TASK OBJECTIVE: A faithful copy of the data is the goal; set it down exactly, without the images.

Dataset excerpts
+++++
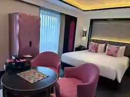 Each guest room is equipped with a "Gourmet Bar" where you can indulge in Fauchon's sweets and tea, offering a truly luxurious experience.
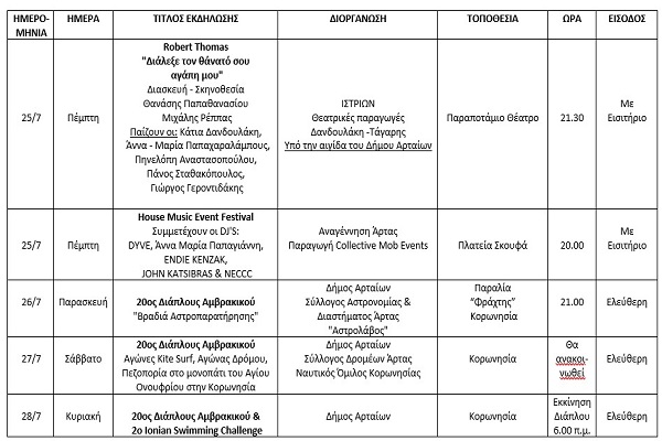 Παράλληλα, διεξάγεται ο 20ς Διάπλους Αμβρακικού με πλήθος εκδηλώσεων και δράσεων στην Κορωνησία, η 2η Εκπτωτική Νύχτα με συναυλία με τον Δήμο Αναστασιάδη και την Emily, που είναι μια διοργάνωση του Δήμου Αρταίων και του Εμπορικού Συλλόγου Άρτας, House Music Event, Festival από την «Αναγέννηση» Άρτας και διαλέξεις στον αύλειο χώρο του Αρχαιολογικού Μουσείου.
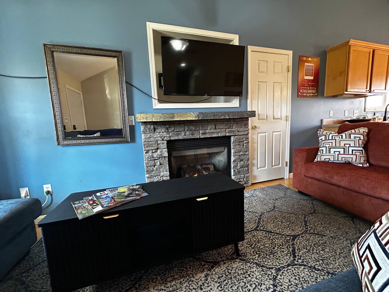 - Indoor fireplace
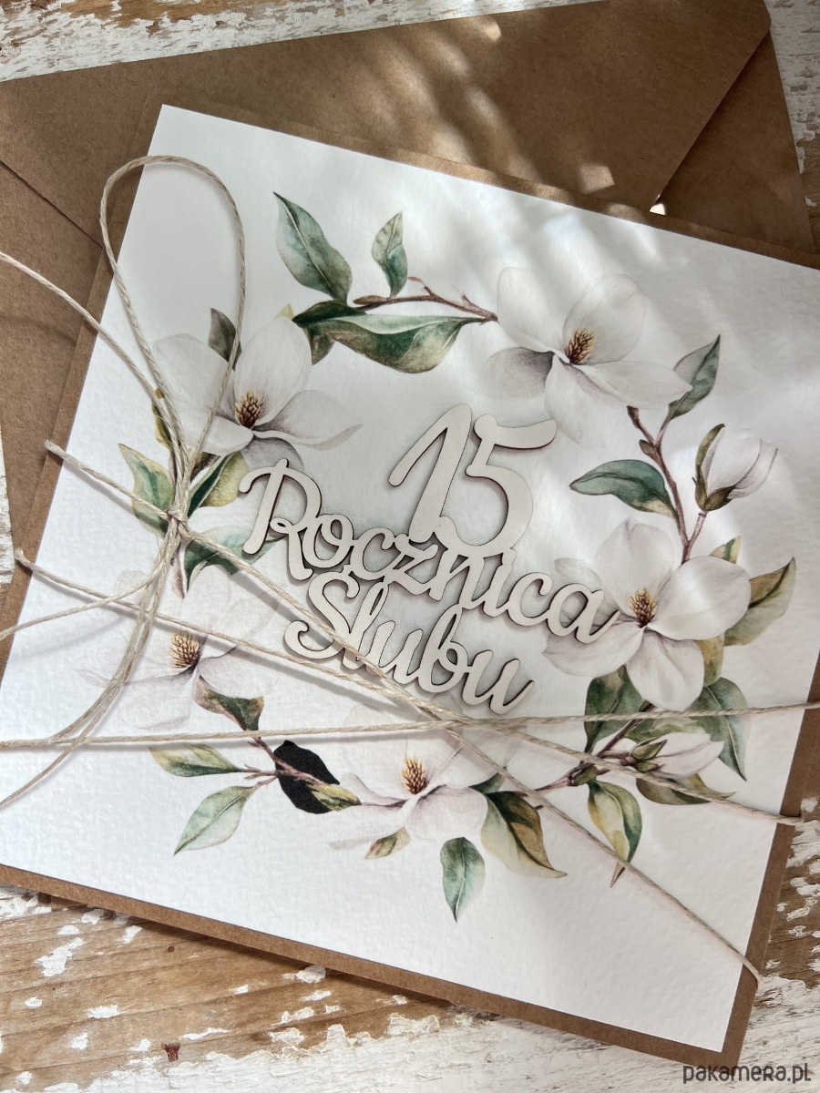 Ręcznie robiona kartka życzenia z okazji 15 rocznicy ślubu
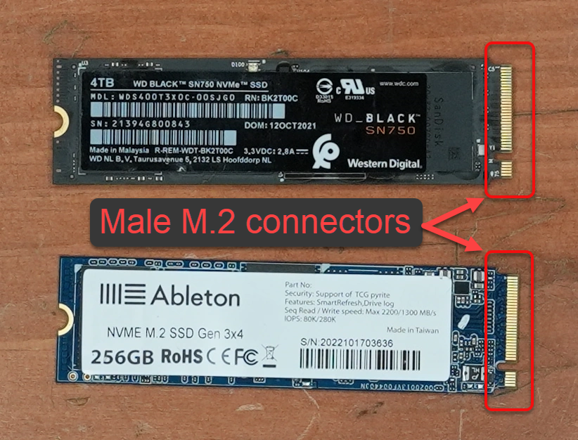 NVMe drives have a male M.2 connector on one end.
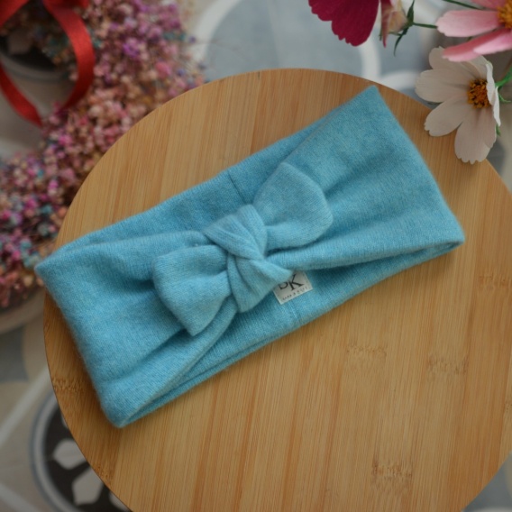 Kaszmir błękitna opaska PREMIUM upcykling średnia grubość puchata z kokardką
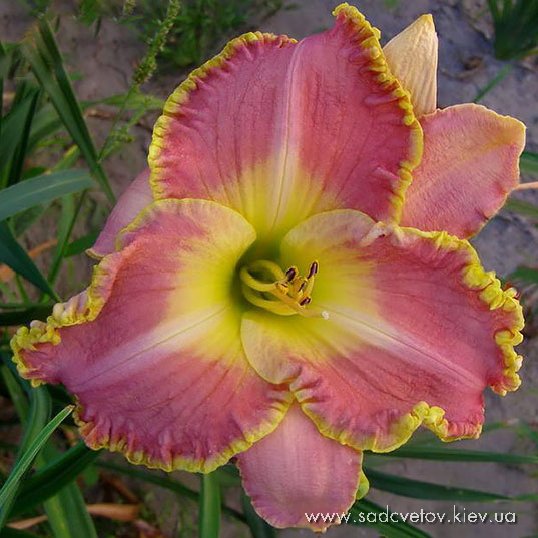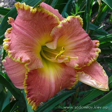 Рожевий з фіолетово-малиновим оком і облямівкою по гофрованому з золотистими мереживами краю, лимонно-зелене горло.
+++++
EXERCISE SOLUTION:
 Each guest room is equipped with a "Gourmet Bar" where you can indulge in Fauchon's sweets and tea, offering a truly luxurious experience.
 Παράλληλα, διεξάγεται ο 20ς Διάπλους Αμβρακικού με πλήθος εκδηλώσεων και δράσεων στην Κορωνησία, η 2η Εκπτωτική Νύχτα με συναυλία με τον Δήμο Αναστασιάδη και την Emily, που είναι μια διοργάνωση του Δήμου Αρταίων και του Εμπορικού Συλλόγου Άρτας, House Music Event, Festival από την «Αναγέννηση» Άρτας και διαλέξεις στον αύλειο χώρο του Αρχαιολογικού Μουσείου.
 - Indoor fireplace
 Ręcznie robiona kartka życzenia z okazji 15 rocznicy ślubu
 NVMe drives have a male M.2 connector on one end.
 Kaszmir błękitna opaska PREMIUM upcykling średnia grubość puchata z kokardką
 Рожевий з фіолетово-малиновим оком і облямівкою по гофрованому з золотистими мереживами краю, лимонно-зелене горло.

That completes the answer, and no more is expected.